The New Zealand omission was particularly important because these were four of the five years when New Zealand’s debt/GDP ratio was above 90%. Looking at all five years, the average GDP growth rate was 2.6%. With four of the five years excluded, New Zealand’s growth rate during the remaining high-debt year was a calamitous -7.6%.

There was also unusual averaging. . . . The bottom line is that Reinhart and Rogoff reported that the overall average GDP growth rate in high-debt years was a recessionary -0.1% but if we fix the above problems, the average is 2.2%.

That part of the story I’d heard before. But then there was this:

In a 2013 New York Times opinion piece, Reinhart and Rogoff dismissed the criticism of their study as “academic kerfuffle.”

C’mon. You are two Harvard professors; you published an article in an academic journal, leveraged the reputation of academic economics to make policy recommendations to the U.S. congress, and then you talk about “academic kerfuffle”! If you don’t want “academic kerfuffle,” maybe you should just write op-eds, maybe start a radio call-in show, etc.

It’s Harvard this, an’ Harvard that, when all is going well.
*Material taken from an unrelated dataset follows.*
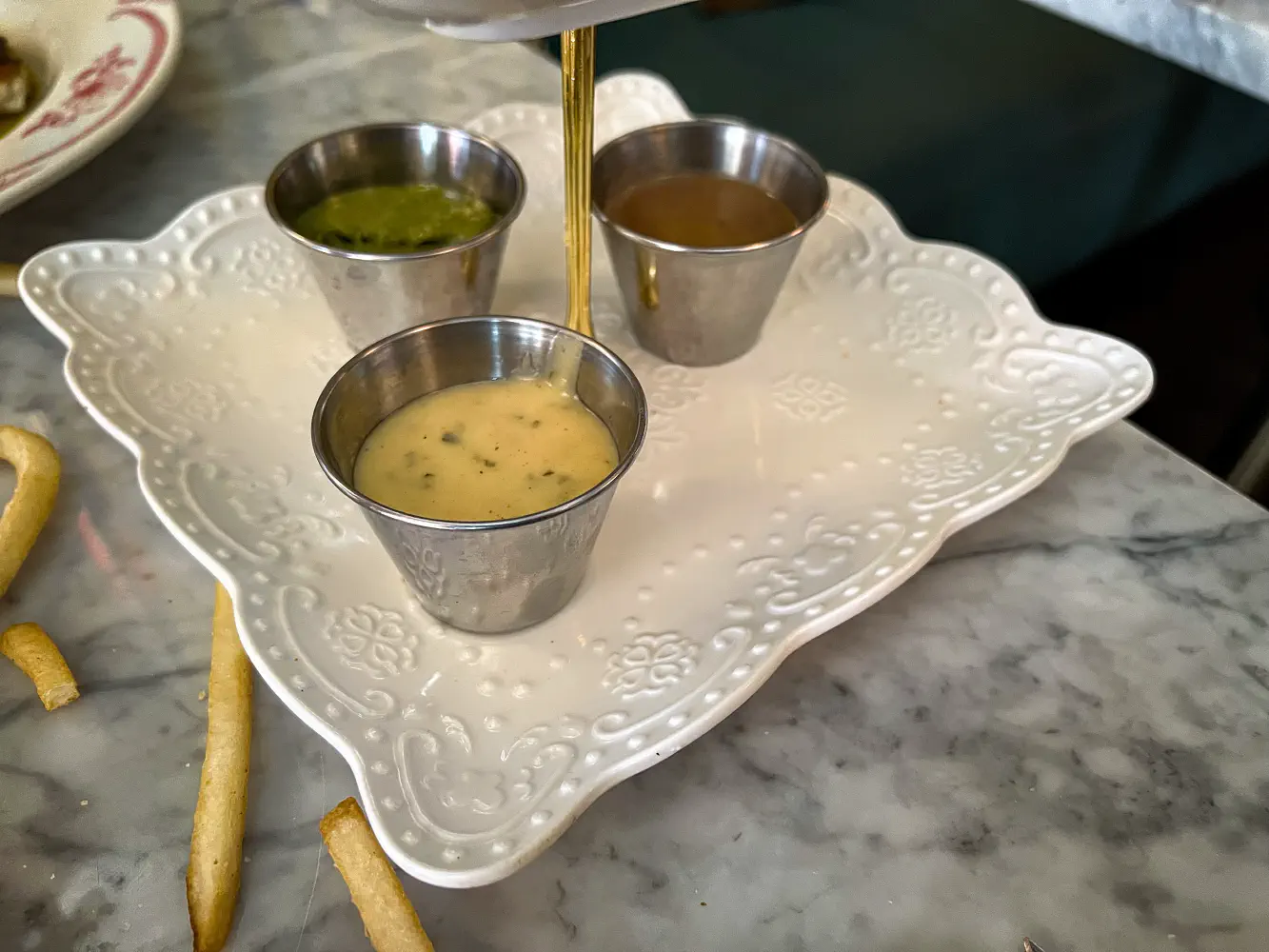 - Mornay sauce - this tasted like a cheese sauce that was rich and creamy. I did not really enjoy this because there wasn’t enough contrast to the potato and saltiness of the fries.

But then when some pesky students and faculty at faculty at the University of Massachusetts check your data and find that you screwed everything up, then it’s academic kerfuffle!

UMass, can you imagine? The nerve of those people!

So, yeah, now I’m annoyed at Reinhart and Rogoff. If you don’t like academic kerfuffle, get out of goddam academia already. For a pair of decorated Harvard professors to dismiss serious criticism as “kerfuffle”—that’s a disgrace. It was a disgrace in 2013 and it remains a disgrace until they apologize for this anti-scientific, anti-scholarly attitude.

P.S. Just for some perspective on the way that work had been hyped, here’s a NYT puff piece on Reinhart and Rogoff from 2010:

Like a pair of financial sleuths, Ms. Reinhart and her collaborator from Harvard, Kenneth S. Rogoff, have spent years investigating wreckage scattered across documents from nearly a millennium of economic crises and collapses. They have wandered the basements of rare-book libraries, riffled through monks’ yellowed journals and begged central banks worldwide for centuries-old debt records. And they have manually entered their findings, digit by digit, into one of the biggest spreadsheets you’ve ever seen.

OK, you can’t fault the Times for a puff that appeared nearly three years before the error was reported. Still, it’s kinda funny that, of all things, they were praising those researchers for . . . their spreadsheet!